Sum frequency generation (SFG) is a second order nonlinear
optical process in which a tunable infrared beam is mixed
with a visible beam to general an output at the sum
frequency, it has surface specificity because the process
is electric-dipole forbidden in centrosymmetric bulk, but
allowed at an interface where the inversion symmetry is
necessarily broken. This newly developed vibrational
spectroscopy is a very powerful tool that has great impact
on electrochemistry where interface is the centerpiece. It
provides absolute spectra (unlike EC-IRAS, which needs
modulation or difference techniques to extract surface
signal) for various kinds of interfaces (unlike EC-Raman,
generally limited to roughened coinage metal surfaces)
The SFG in the MRL Laser Facility consists of a flashlamp
pumped Nd:YAG laser mode-locked with a non-linear mirror.
This pump laser is adequate for synchronously pumping a
picosecond LiNbO3 or an AgGaS2 optical parametric
oscillator (OPO) to provide infrared pulses tunable from
2.5 to 9 µm in one single conversion step. By using a
synchronously pumped KTP OPO followed by a different
frequency generation (DFG) in CdSe, the tunability of the
infrared beam can be extended to the range of 9 to 20 µm.
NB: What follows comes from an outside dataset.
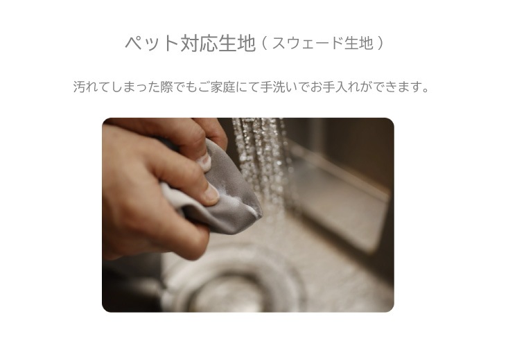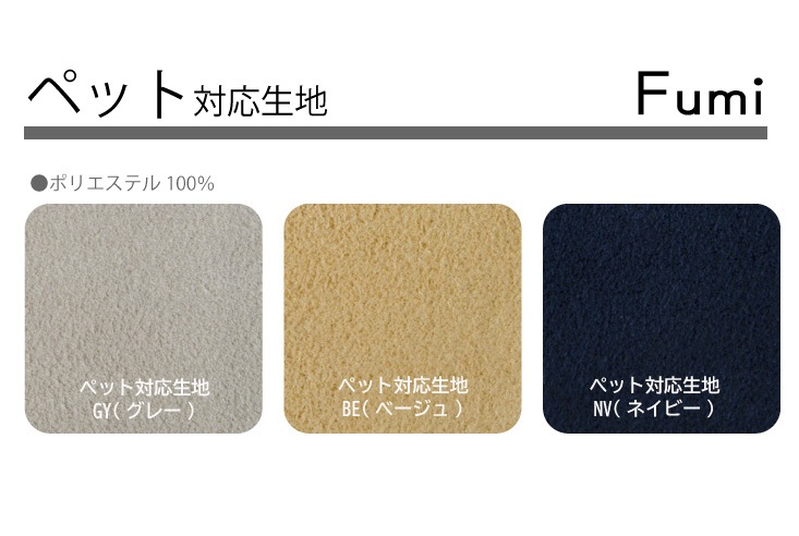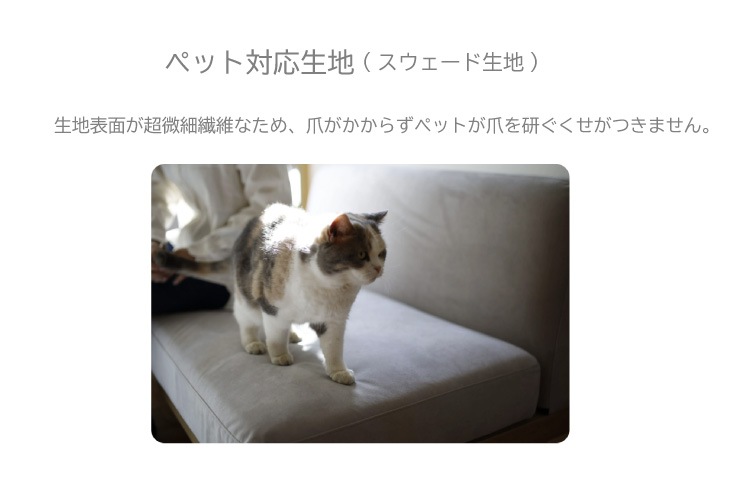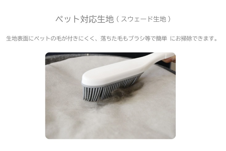 またこちらの商品はペット対応生地となっており、一般的な生地と異なり超微細繊維を組み合わせ起毛した生地で、ペットの爪が引っ掛かりにくく、爪で生地を破りにくい構造となっています。微細な繊維起毛の為、手触りも柔らかく心地よい質感の生地です。

SFG is opening up new research fields in our research
group. Currently we use in-situ SFG to study bi-metallic
catalysts, focusing on platinum surface decorated by other
metals. Typical example is Pt(111) decorated by
spontaneously deposited Ru, as Pt and Ru are supposed to be
the best combination for methanol oxidation. We have used
CO as a molecule probe to study this surface and
preliminary results have been obtained. CO adsorbed on both
Pt domains and Ru domains from the same surface are clearly
identified.